DATASET Start Marker

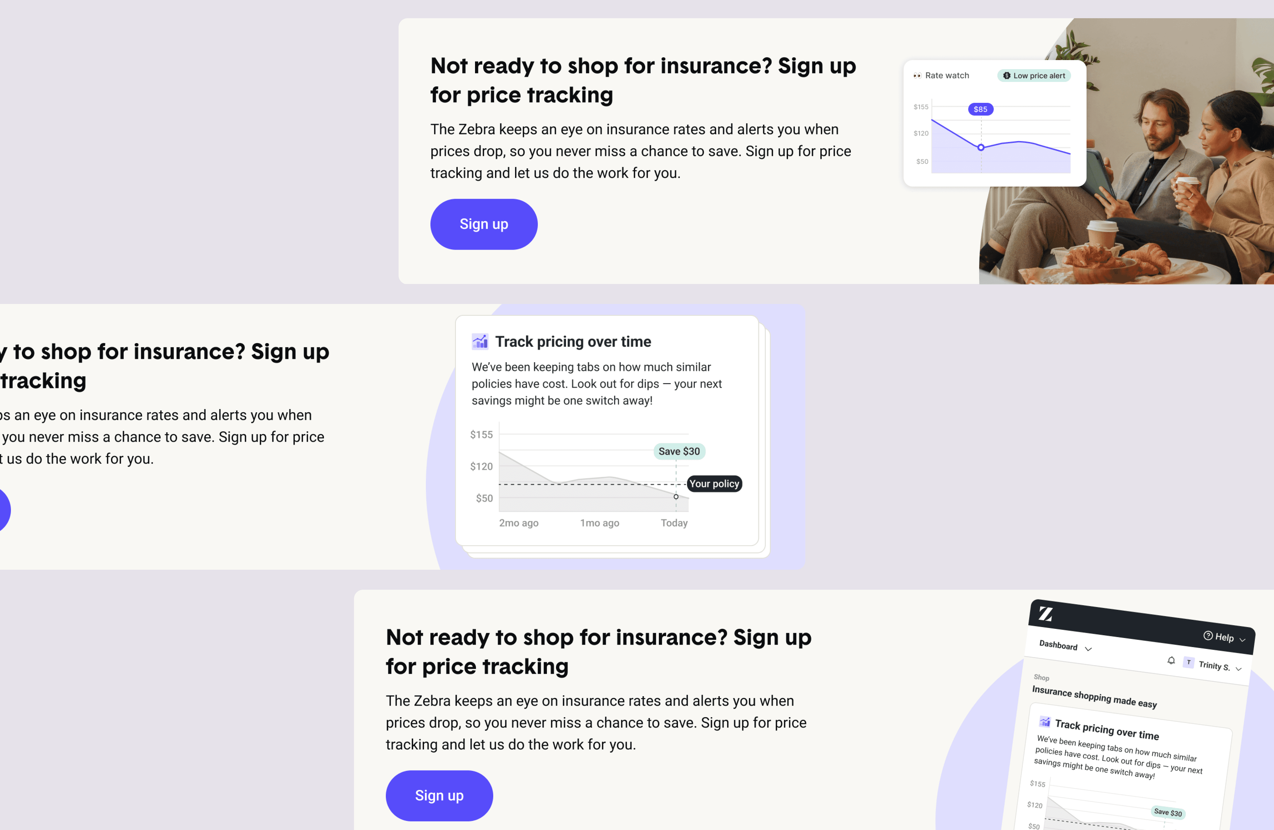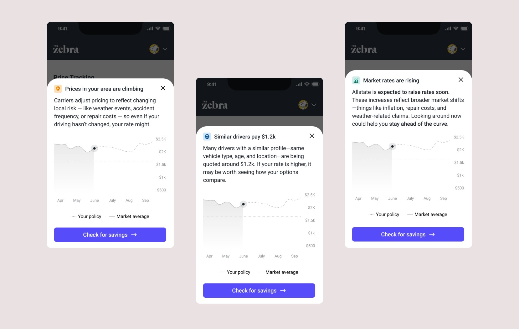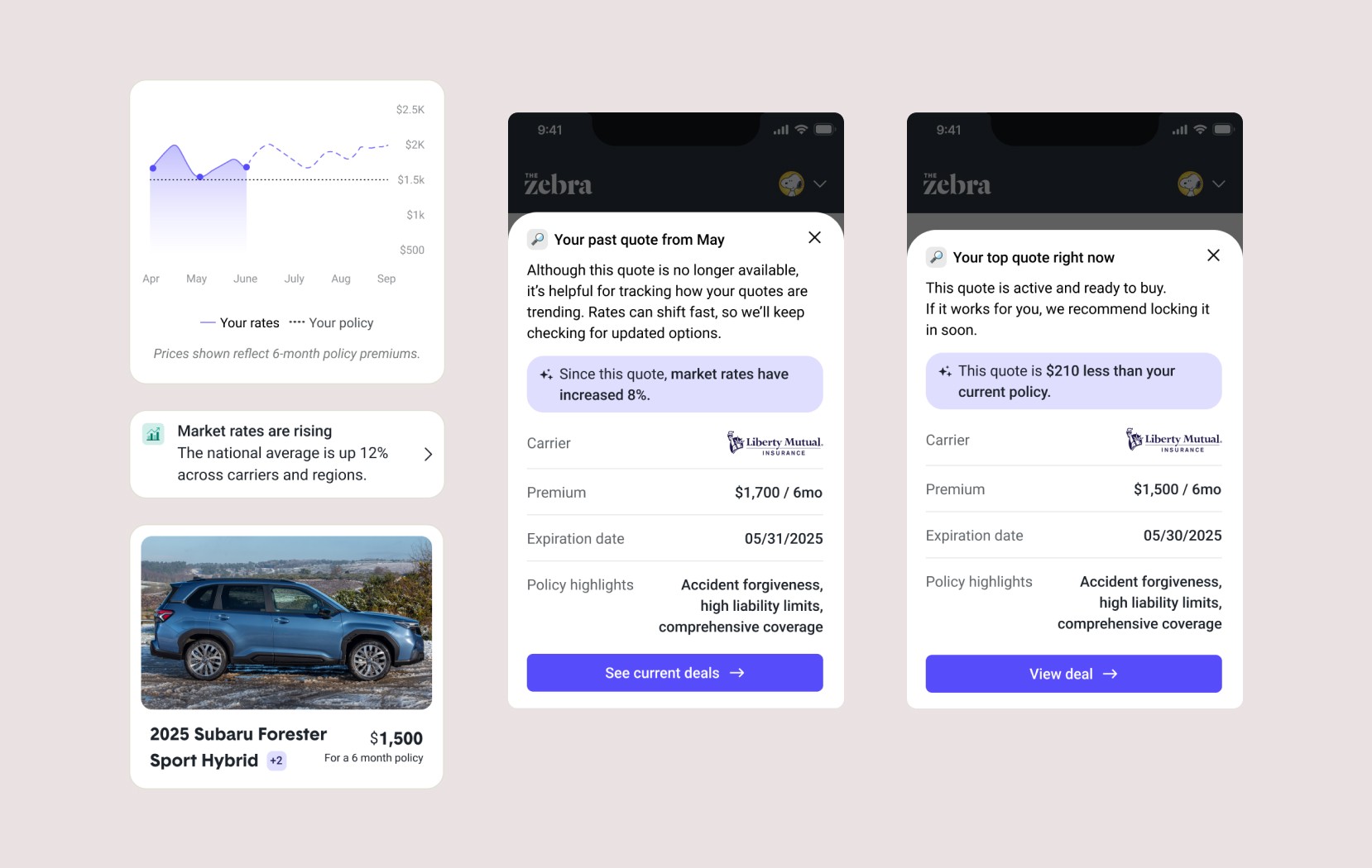 i led the design of a mobile-first price tracking tool to drive user engagement in The Zebra’s insurance hub. the focus was on simplifying rate comparisons with clear graphs and AI-driven insights. i also redesigned policy cards and ran user testing to refine UX. we launched to strong results: 77% dashboard interaction, and 60% quote engagement — boosting customer retention and lifetime value.
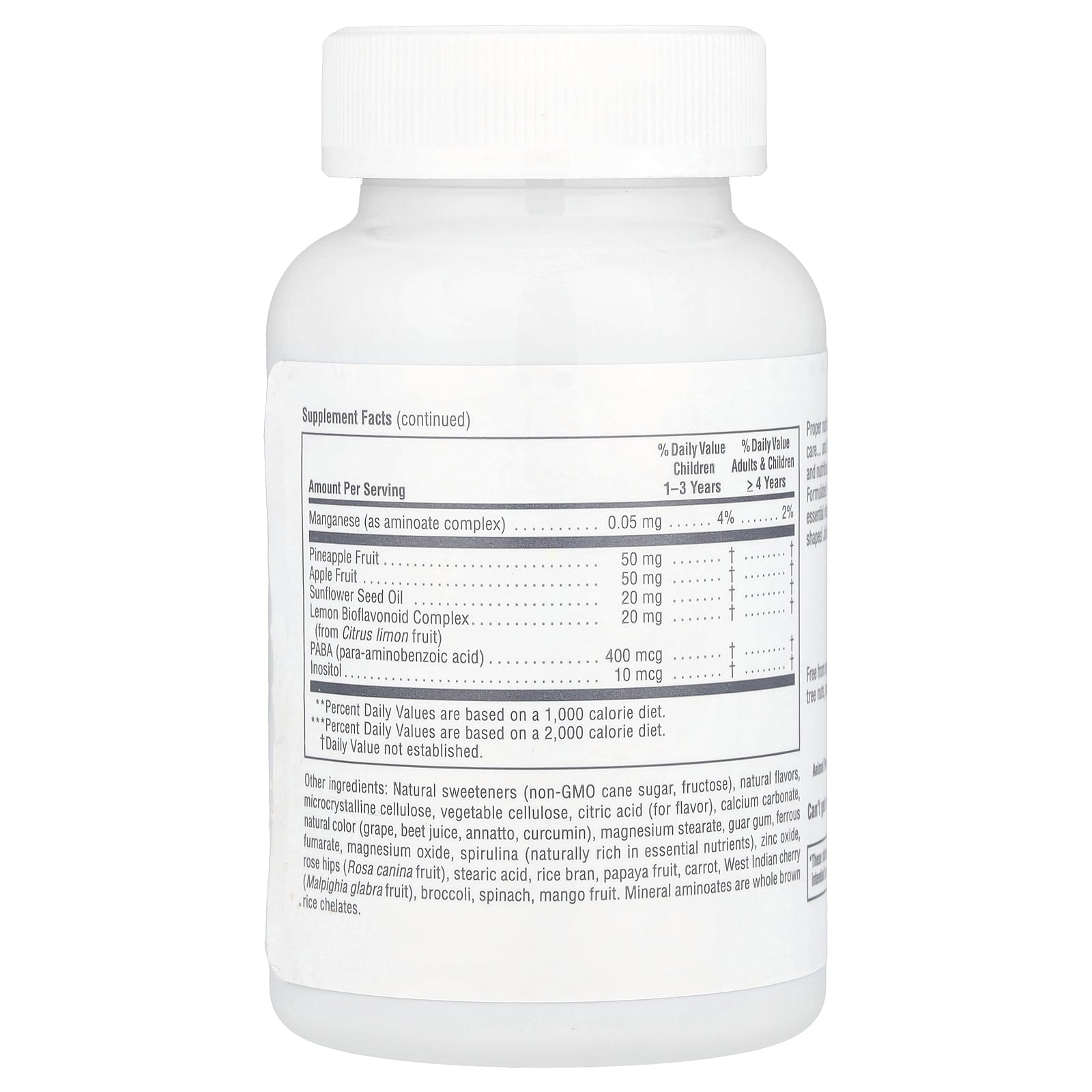 Natural sweeteners (non-GMO can sugar, fructose), natural flavors, microcrystalline cellulose, vegetable cellulose, citric acid (for flavor), calcium carbonate, natural color (grape, beet juice, annatto, curcumin), magnesium stearate, guar gum, ferrous fumarate, magnesium oxide, spirulina (naturally rich in essential nutrients), zinc oxide, rose hips (rosa canina fruit), stearic acid, rice bran, papaya fruit, carrot, west indian cherry (malpighia glabra fruit), broccoli, spinach, mango fruit.
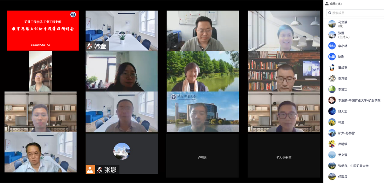 中国矿业大学2022年教育思想大讨论是对学校办学历史的优良传统和精神文化的充分继承。工业工程支部根据学院开展教育思想大讨论的工作安排,依据《“深化教育综合改革,构建高质量教育体系”中国矿业大学2022年教育思想大讨论实施方案》,积极组织全体教师深入学习相关文件资料、制定学习讨论计划。本次专题学习研讨会对工业工程专业人才培养进行了充分讨论,坚定了矿业特色发展的方向,从实习实践、协同育人、培养方案改革等多方面给出具体意见和建议,为基础宽厚、知识面广、适应力强的高质量人才培养提供了有效保障。
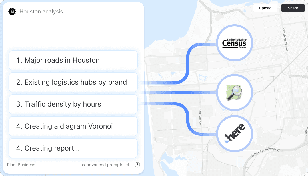 Maps, trade areas, mobility flows, and customer demographics are automated and visualized within minutes.
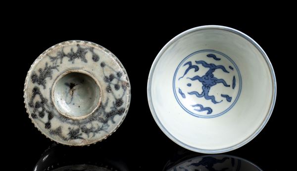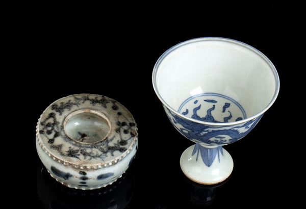 A 'BLUE AND WHITE' PORCELAIN STEM CUP AND A COMPASS HOLDER
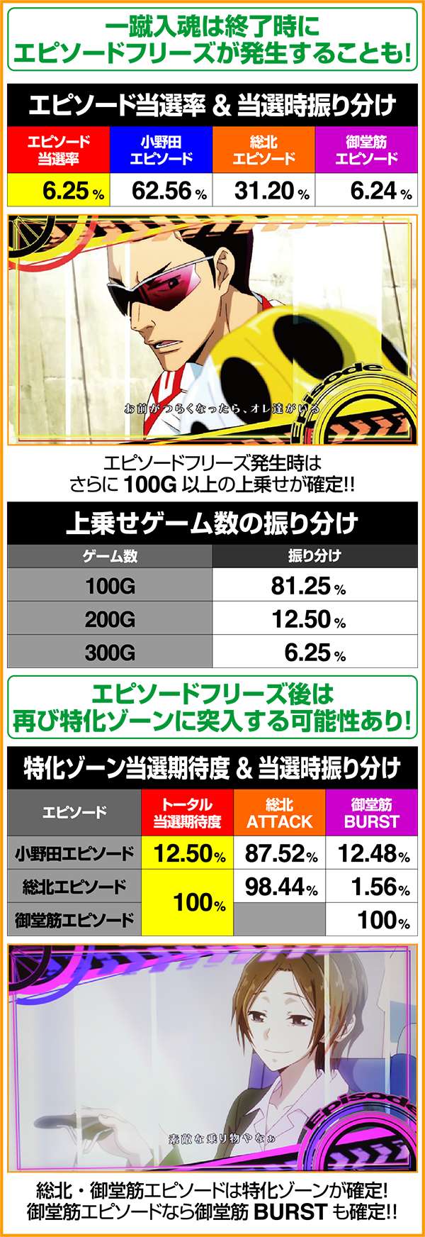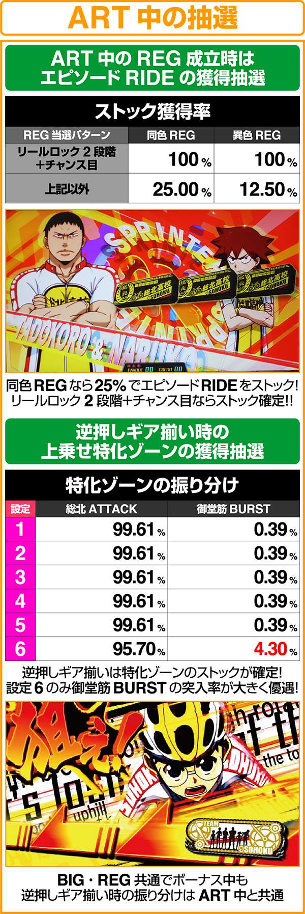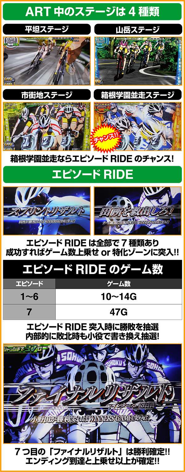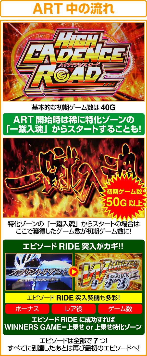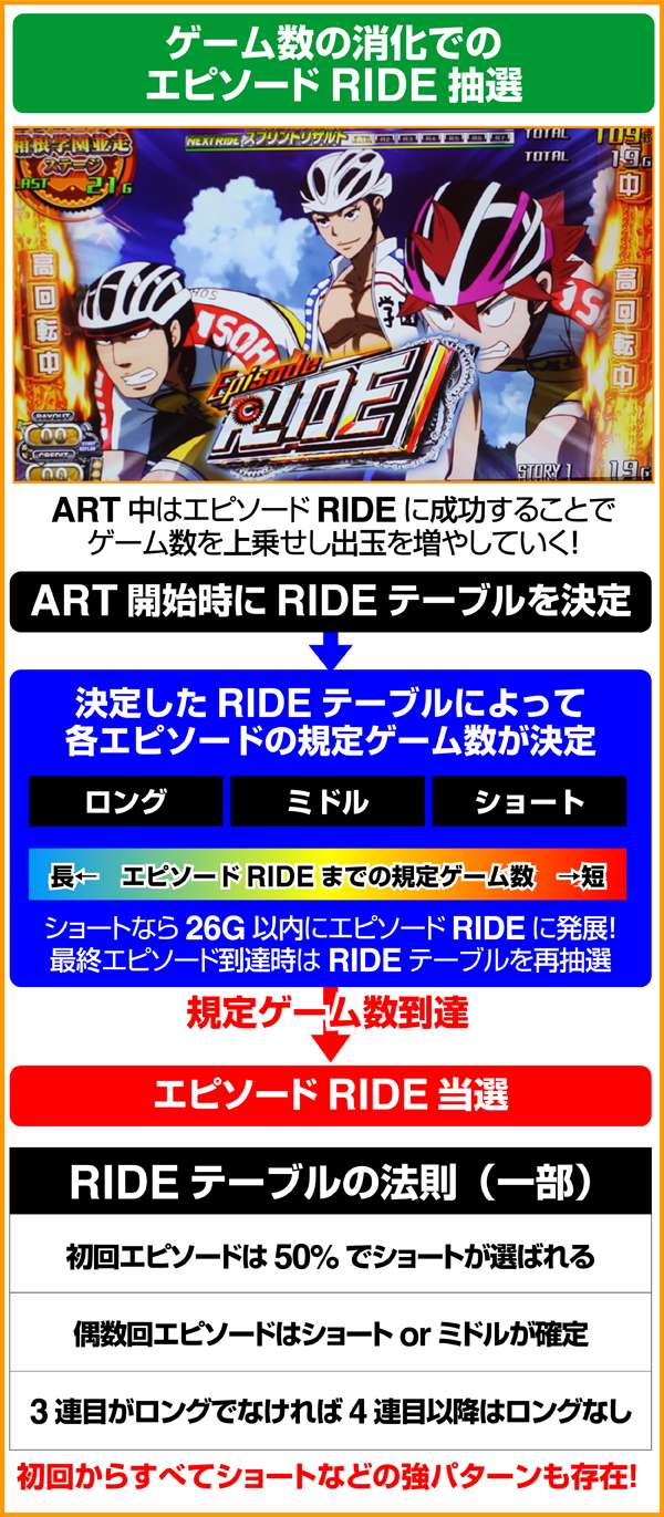 総北チャンス中は毎ゲーム、ARTの抽選をおこなっており、当選後はエピソードRIDEの抽選をおこなう。
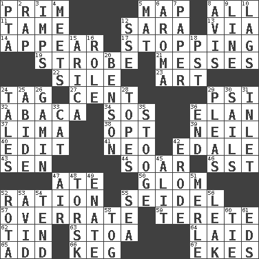 ACROSS 1. Demure 5. Atlas unit 8. Everything 11. Not wild 12. "Two Mules for Sister ____" 13. By way of 14. Become visible 17. Discontinuing 19. Disco prop 21. Makes clutter 22. Drop; flow; fall 23. Nonscientific branch of learning 24. Label 27. Penny 29. Air pressure measure (abbr.) 32. Phillipine bananalike plant 34. Mayday 36. Liveliness 37. Pale green bean 38. Elect 39. Famous astronaut Armstrong 40. Prepare for publication 41. Modern: prefix 42. Peak District village in England 43. Elected rep. 44. Fly high 46. Fast jet (abbr.) 47. Had dinner 50. Seize upon or latch onto something 52. Food allowance for one day 55. A glass for beer 57. Make much ado about nothing 59. Cylindrical with tapered ends 62. Metal container 63. Portico 64. Put down 65. Increase 66. Cask 67. Makes supply last DOWN 1. Parent Teacher Association (abbr.) 2. Strike 3. Naughty children 4. Confronts 5. Floor covering 6. Scent 7. Some stationery 8. Opinion 9. Actor's bit 10. Straggles 12. Compass dir. 15. N. Chile seaport 16. Hero or heavy, e.g. 18. Pacific Standard Time (abbr.) 20. Gillaume's butler role 24. Lies 25. Tolerate 26. Homeless child 28. Drinks excessively 29. Entreaties 30. Moves on water 31. An arm off of a larger body of water 33. Domesticated feline 35. Moe Howard, for one 36. Conclusion 42. Eat (away) 45. Set down 47. Wind 48. Cod relative 49. Related on the mother's side 51. Haggard of country music 52. Roll call or roster of names 53. Enthusiastic 54. Be inclined (to) 55. Ocean 56. Path through which fluid escapes 58. Coat; cloak 60. Make a knot 61. Begley and Asner

DATASET End Marker

Where an entry contains an image, leave the image out; otherwise retype everything exactly.

**ANSWER FOR THIS EXERCISE:**
 i led the design of a mobile-first price tracking tool to drive user engagement in The Zebra’s insurance hub. the focus was on simplifying rate comparisons with clear graphs and AI-driven insights. i also redesigned policy cards and ran user testing to refine UX. we launched to strong results: 77% dashboard interaction, and 60% quote engagement — boosting customer retention and lifetime value.
 Natural sweeteners (non-GMO can sugar, fructose), natural flavors, microcrystalline cellulose, vegetable cellulose, citric acid (for flavor), calcium carbonate, natural color (grape, beet juice, annatto, curcumin), magnesium stearate, guar gum, ferrous fumarate, magnesium oxide, spirulina (naturally rich in essential nutrients), zinc oxide, rose hips (rosa canina fruit), stearic acid, rice bran, papaya fruit, carrot, west indian cherry (malpighia glabra fruit), broccoli, spinach, mango fruit.
 中国矿业大学2022年教育思想大讨论是对学校办学历史的优良传统和精神文化的充分继承。工业工程支部根据学院开展教育思想大讨论的工作安排,依据《“深化教育综合改革,构建高质量教育体系”中国矿业大学2022年教育思想大讨论实施方案》,积极组织全体教师深入学习相关文件资料、制定学习讨论计划。本次专题学习研讨会对工业工程专业人才培养进行了充分讨论,坚定了矿业特色发展的方向,从实习实践、协同育人、培养方案改革等多方面给出具体意见和建议,为基础宽厚、知识面广、适应力强的高质量人才培养提供了有效保障。
 Maps, trade areas, mobility flows, and customer demographics are automated and visualized within minutes.
 A 'BLUE AND WHITE' PORCELAIN STEM CUP AND A COMPASS HOLDER
 総北チャンス中は毎ゲーム、ARTの抽選をおこなっており、当選後はエピソードRIDEの抽選をおこなう。
 ACROSS 1. Demure 5. Atlas unit 8. Everything 11. Not wild 12. "Two Mules for Sister ____" 13. By way of 14. Become visible 17. Discontinuing 19. Disco prop 21. Makes clutter 22. Drop; flow; fall 23. Nonscientific branch of learning 24. Label 27. Penny 29. Air pressure measure (abbr.) 32. Phillipine bananalike plant 34. Mayday 36. Liveliness 37. Pale green bean 38. Elect 39. Famous astronaut Armstrong 40. Prepare for publication 41. Modern: prefix 42. Peak District village in England 43. Elected rep. 44. Fly high 46. Fast jet (abbr.) 47. Had dinner 50. Seize upon or latch onto something 52. Food allowance for one day 55. A glass for beer 57. Make much ado about nothing 59. Cylindrical with tapered ends 62. Metal container 63. Portico 64. Put down 65. Increase 66. Cask 67. Makes supply last DOWN 1. Parent Teacher Association (abbr.) 2. Strike 3. Naughty children 4. Confronts 5. Floor covering 6. Scent 7. Some stationery 8. Opinion 9. Actor's bit 10. Straggles 12. Compass dir. 15. N. Chile seaport 16. Hero or heavy, e.g. 18. Pacific Standard Time (abbr.) 20. Gillaume's butler role 24. Lies 25. Tolerate 26. Homeless child 28. Drinks excessively 29. Entreaties 30. Moves on water 31. An arm off of a larger body of water 33. Domesticated feline 35. Moe Howard, for one 36. Conclusion 42. Eat (away) 45. Set down 47. Wind 48. Cod relative 49. Related on the mother's side 51. Haggard of country music 52. Roll call or roster of names 53. Enthusiastic 54. Be inclined (to) 55. Ocean 56. Path through which fluid escapes 58. Coat; cloak 60. Make a knot 61. Begley and Asner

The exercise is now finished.